If you require more details, please reply to 11967 <at> debbugs.gnu.org.

-- 
11967: http://debbugs.gnu.org/cgi/bugreport.cgi?bug=11967
GNU Bug Tracking System
Contact help-debbugs <at> gnu.org with problems
[Message part 2 (message/rfc822, inline)]
From: Eric Blake <eblake <at> redhat.com>
To: Jaime Gaspar <mail <at> jaimegaspar.com>
Cc: control <at> debbugs.gnu.org, 11967-done <at> debbugs.gnu.org
Subject: Re: bug#11967: Bug in "uniq"
Date: Tue, 17 Jul 2012 15:49:38 -0600
[Message part 3 (text/plain, inline)]
forcemerge 11967 11968
tag 11967 notabug
thanks

On 07/17/2012 12:17 PM, Jaime Gaspar wrote:
> I think that there is a bug in "uniq" (version 8.13).

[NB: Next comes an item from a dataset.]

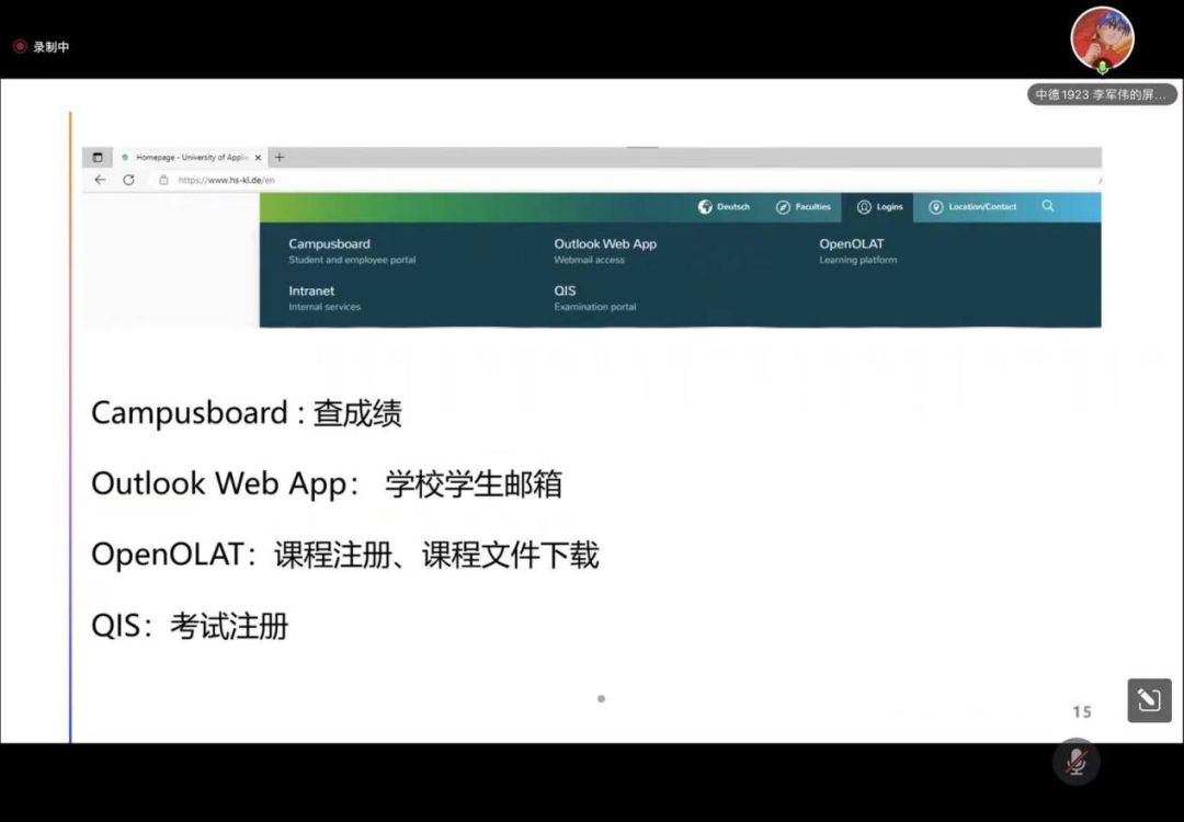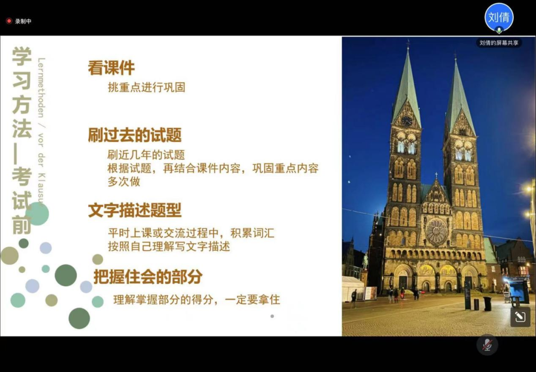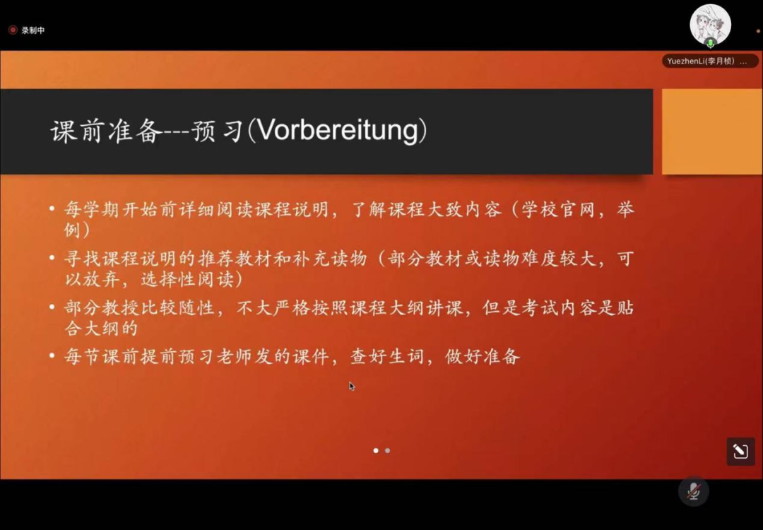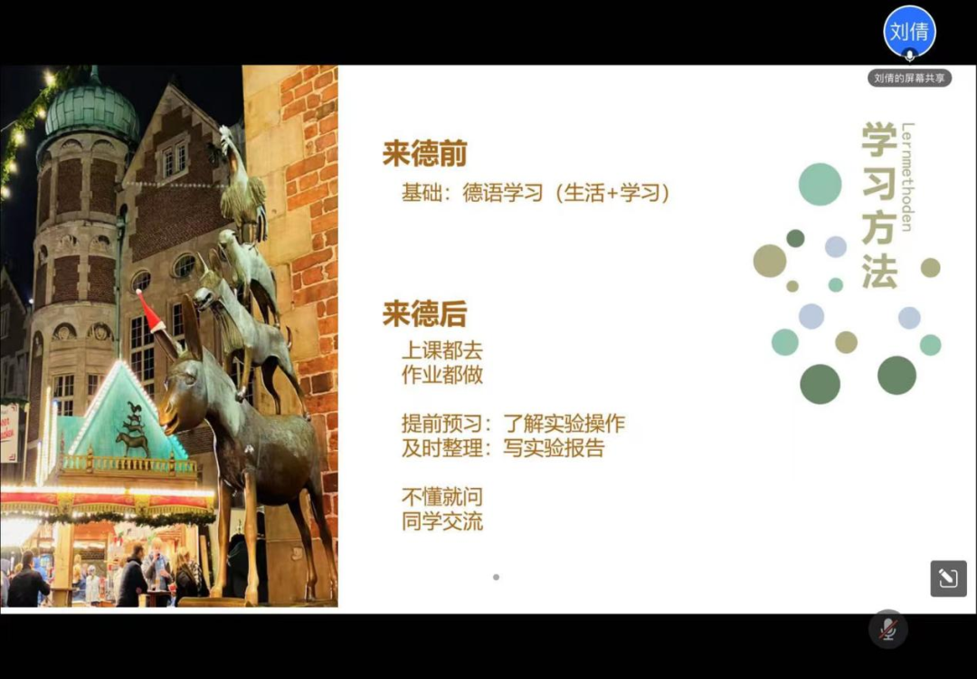 刘倩学姐为我们介绍了在德国的课程安排以及课程分数组成,50%的理论,50%的实验,两者可单独完成。其次为我们提供了学习方法,不仅需要打牢在赴德前的德语基础,还要在德国应做到上课不缺席、作业全完成、提前预习、及时整理、不懂就问和同学交流。同时还要多看课件,刷过去的试题,以及在上课或交流过程中积累词汇等;心态也需要调整好,不要放弃,努力听教授讲课,实验时及时提问,演讲时也不要怕说错。接着说,可以多出去散步或旅游,发展培养兴趣爱好,不要emo。
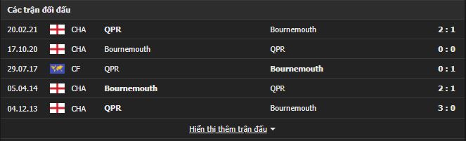 Thành tích đối đầu Bournemouth vs QPR:

Is this your distro's build?  However, I repeated your claim with the
latest coreutils.git (post-8.17)., so this is not likely to be a bug in
a distro-specific multibyte patch.

> 
> The file "bug.txt" attached consists of two lines:
> - the first one containing a character that
>   looks like a "v" and a line break;
> - the second one containing a character that
>   looks like a upside down "v" and a line break.
> In hex:
> 
>     E2 88 A8  0A
>     E2 88 A7  0A

Those glyphs that you describe line up with Unicode characters.  I bet
you are using a locale with UTF-8 character encoding.

> 
> When we run "uniq bug.txt" in a terminal, "uniq" outputs a single line, so "uniq" thinks that the two lines are equal, but they are not.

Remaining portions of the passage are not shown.